I think this is a big problem for faculty. We are the people who made it to being knowledgeable and competent in our chosen fields, however we did it. Some people struggled and overcame their internal limitations; others struggled against a difficult or sadistic mentor or institution and thrived nevertheless. Some overcame the adversity of sexism or racism (at least overcome it enough to get a degree and get hired as a professor). And some breezed through, finding problems and ideas and methods easy and transparent that break the spirits of other people.
The issue for all of us is that it is remarkably difficult to imagine other paths to where we've arrived and in particular to imagine that our path is simply *wrong* for some of our students--that they cannot simply do what we did, because we are proof that it can be done. Some of what we are now cannot be done by some set of other people for any number of reasons. To teach really well, I think we have to imagine other paths--and to be able to think through what we don't understand about our own.

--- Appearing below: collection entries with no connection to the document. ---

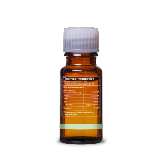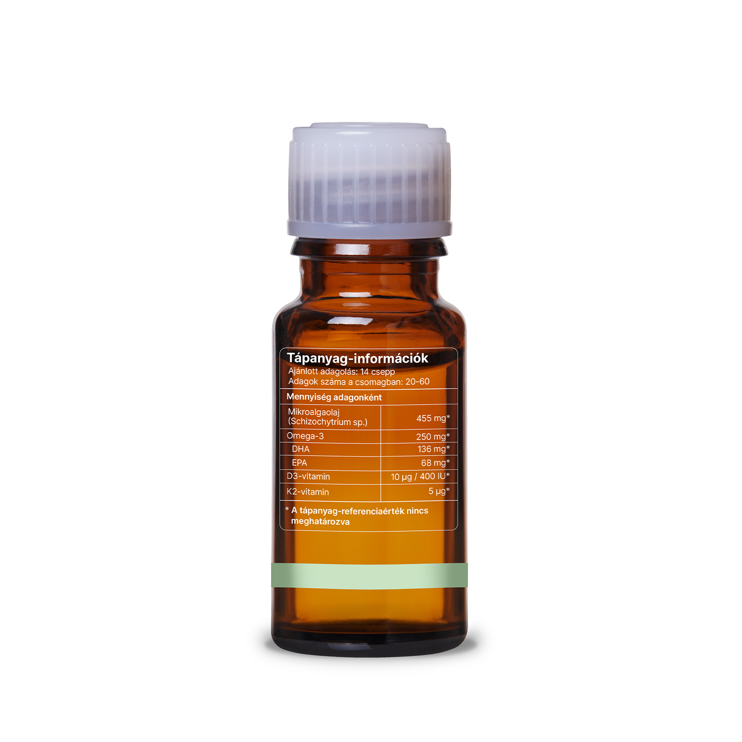 Egyedülálló formula, amely létfontosságú tápanyagokat tartalmaz: omega-3 zsírsavakat (DHA, EPA), ill. D3- és K2-vitamint, melyek nélkülözhetetlenek a gyermekek egészséges fejlődéséhez. Mindez természetes növényi forrásból.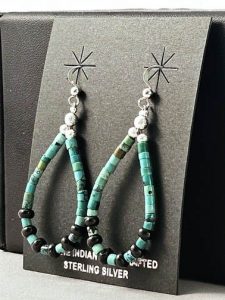 Native American earrings stand out for their intricate craftsmanship and timeless designs. Each pair is handcrafted by skilled artisans from Navajo, Zuni, Hopi, and Santo Domingo tribes, ensuring every piece is unique. From delicate turquoise studs to bold statement dangles, these earrings suit any style and occasion.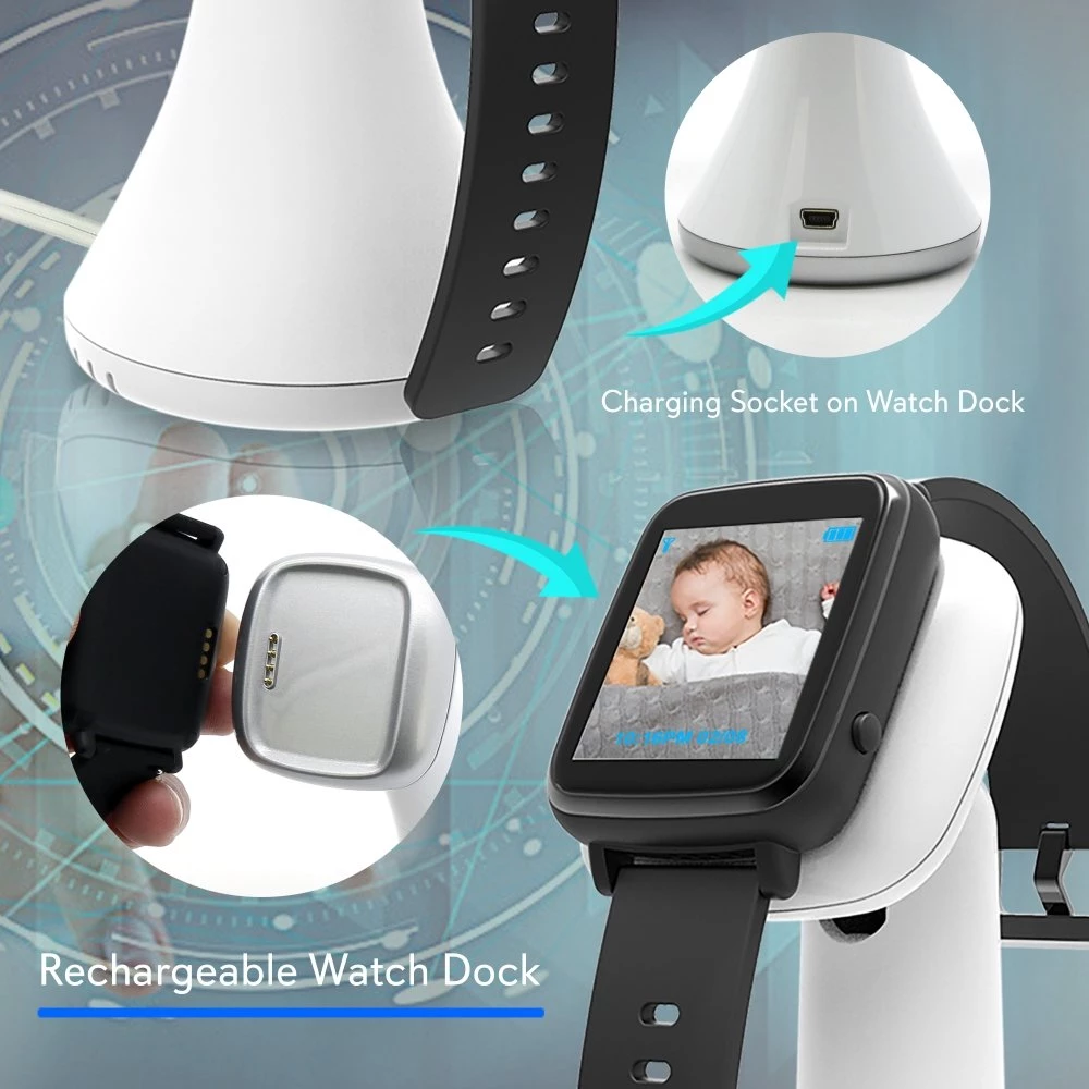 - SMART WATCH MONITOR: The smart baby monitor by SereneLife comes with a black stylish rechargeable video smartwatch with 1.54” inch digital screen that displays video via the mounted camera, PTT voice messaging, time, date, and alarm clock

I had to click through to the thread to even be able to GUESS what they took issue with. I think "take issue with the language of productive struggle" is inapt and doesn't really describe what they take issue with - but it DOES describe a real thing that happens and that people take issue with. I think if they said "productive suffering" it would more accurately describe what they want to talk about.
Switching back to the weightlifting analogy - if you want to make serious progress (and not everyone who lifts weights wants to make serious progress) you have to lift weights heavy enough to experience pain, from the "are your pain receptors activating" perspective. But it is totally normal for a person to find the level of pain they experience when weightlifting to be so low that they find the entire experience enjoyable.
Back to math - like you said, if you're never confused, you're probably not learning. But some people find the transition from "confused" to "not confused" so delightful that even the state of being confused seems joyous to them. And that's great for those people, especially because it means they'll be successful even in a dysfunctional math education curriculum.
But the reason the curricula (in PARTICULAR the calculus curricula) were so dysfunctional for so long was the equating of suffering with learning. There was a widespread belief for a long time that calculus was hard, and needed to be hard, and if it didn't HURT, like, a LOT, then you probably weren't actually learning it right. I got to see this up close as someone close to me failed Calculus twice at a university using the traditional curriculum, and then on someone's recommendation took the same course for transfer credit at a community college and got an A, because the course was designed for learning instead of just tossing everyone into the material and expecting them to do it over and over until it clicked.